Collected data =>
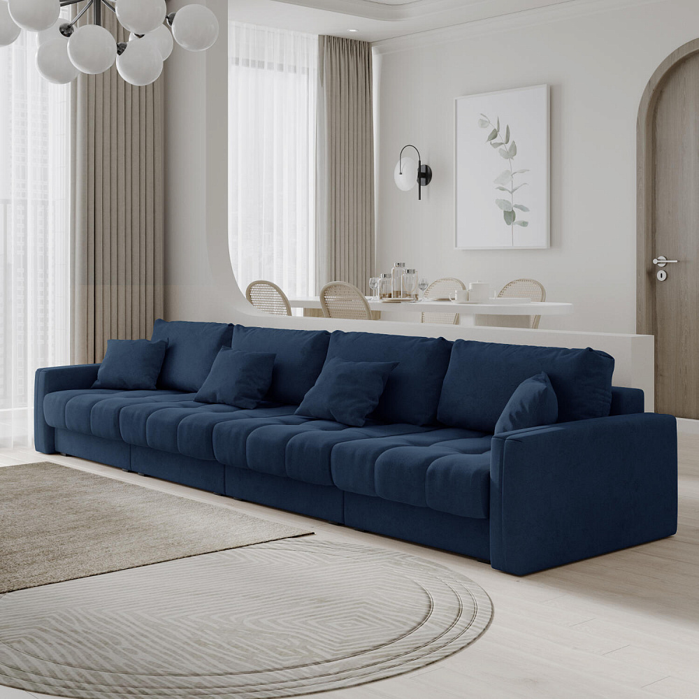 Диван «Дензел» — лучший вариант для ценителей комфорта в сочетании со стильным дизайном. Диван обладает глубокой посадкой, а приспинные и декоративные подушки позволят создать самое удобное место для отдыха. Спинка дивана выполнена в той же обивке, что и основная часть, что даёт возможность использовать диван для зонирования комнаты.
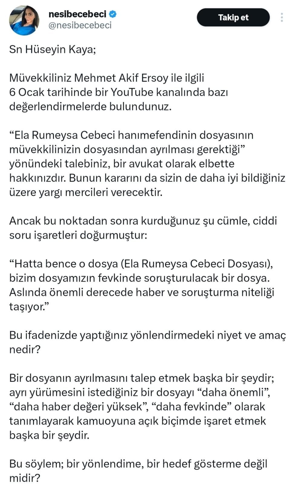 Mehmet Akif Ersoy’un avukatı Hüseyin Kaya’nın bir Youtube kanalında müvekkilinin dosyasının Ele Rümeysa Cebeci dosyasından ayrılması gerektiğini söylediğini ve “Hatta bence o dosya (Ela Rumeysa Cebeci Dosyası), bizim dosyamızın fevkinde soruşturulacak bir dosya. Aslında önemli derecede haber ve soruşturma niteliği taşıyor” ifadelerini kullandığını belirten Nesibe Cebeci, sosyal medya üzerinden Kaya’ya yanıt verdi.
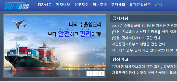 유니패스 홈페이지(unipass.customs.go.kr)에 접속
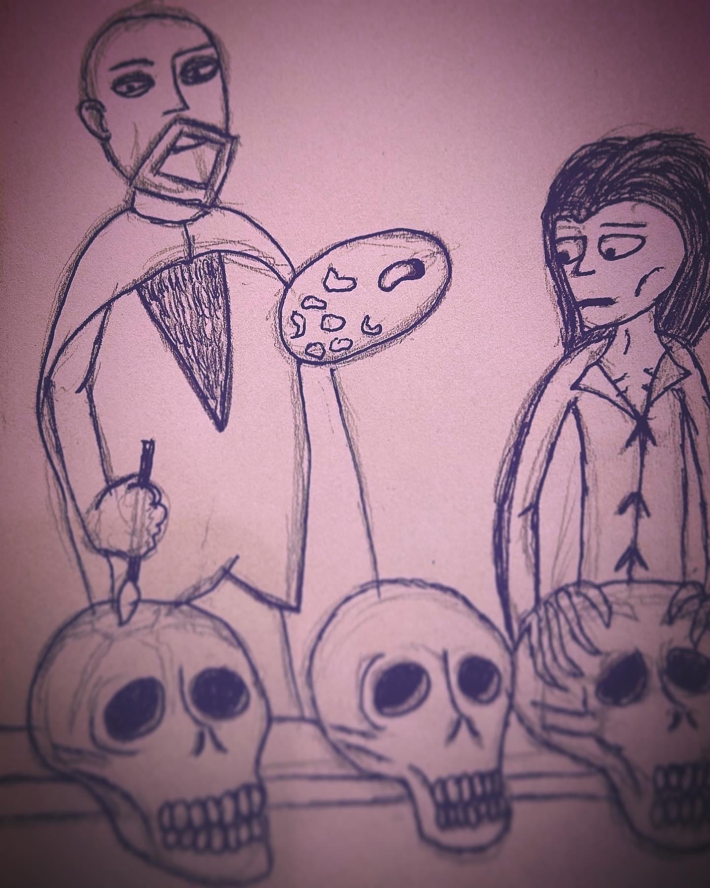 Silas watching Gustavo in awe of his skull-painting. Originally drawn October 14 2023
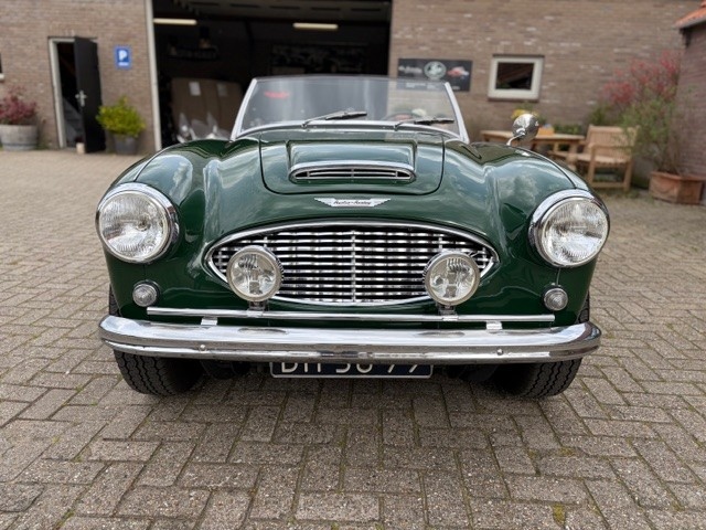 Prachtige, gerestaureerde Austin-Healey 100/6 BN4. De Healey met de meest pure rondingen en lijnen. Deze zeer nette Healey is gerestaureerd in het verleden en nog steeds in zeer nette conditie. De restauratie is ongeveer 20 jaar geleden gedaan, van deze restauratie zijn er vele foto's voorhanden waaruit blijkt dat alles gedaan is, body off. De techniek is destijds ook allemaal onder handen genomen uiteraard, dus ook de 2600 motor en side shift overdrive versnellingsbak. De auto is na restauratie wat jaren bereden en zeer goed onderhouden. De auto is voorzien van een Heritage certificate. Deze Healey was nieuw geleverd in New York en is al sinds 1993 in Nederland. De auto is gespoten in British Racing Green met Old English White zijflanken.

ASSIGNMENT =>
Without including the pictures, return each record above exactly as it stands.

TASK ANSWER =>
 Диван «Дензел» — лучший вариант для ценителей комфорта в сочетании со стильным дизайном. Диван обладает глубокой посадкой, а приспинные и декоративные подушки позволят создать самое удобное место для отдыха. Спинка дивана выполнена в той же обивке, что и основная часть, что даёт возможность использовать диван для зонирования комнаты.
 Mehmet Akif Ersoy’un avukatı Hüseyin Kaya’nın bir Youtube kanalında müvekkilinin dosyasının Ele Rümeysa Cebeci dosyasından ayrılması gerektiğini söylediğini ve “Hatta bence o dosya (Ela Rumeysa Cebeci Dosyası), bizim dosyamızın fevkinde soruşturulacak bir dosya. Aslında önemli derecede haber ve soruşturma niteliği taşıyor” ifadelerini kullandığını belirten Nesibe Cebeci, sosyal medya üzerinden Kaya’ya yanıt verdi.
 유니패스 홈페이지(unipass.customs.go.kr)에 접속
 Silas watching Gustavo in awe of his skull-painting. Originally drawn October 14 2023
 Prachtige, gerestaureerde Austin-Healey 100/6 BN4. De Healey met de meest pure rondingen en lijnen. Deze zeer nette Healey is gerestaureerd in het verleden en nog steeds in zeer nette conditie. De restauratie is ongeveer 20 jaar geleden gedaan, van deze restauratie zijn er vele foto's voorhanden waaruit blijkt dat alles gedaan is, body off. De techniek is destijds ook allemaal onder handen genomen uiteraard, dus ook de 2600 motor en side shift overdrive versnellingsbak. De auto is na restauratie wat jaren bereden en zeer goed onderhouden. De auto is voorzien van een Heritage certificate. Deze Healey was nieuw geleverd in New York en is al sinds 1993 in Nederland. De auto is gespoten in British Racing Green met Old English White zijflanken.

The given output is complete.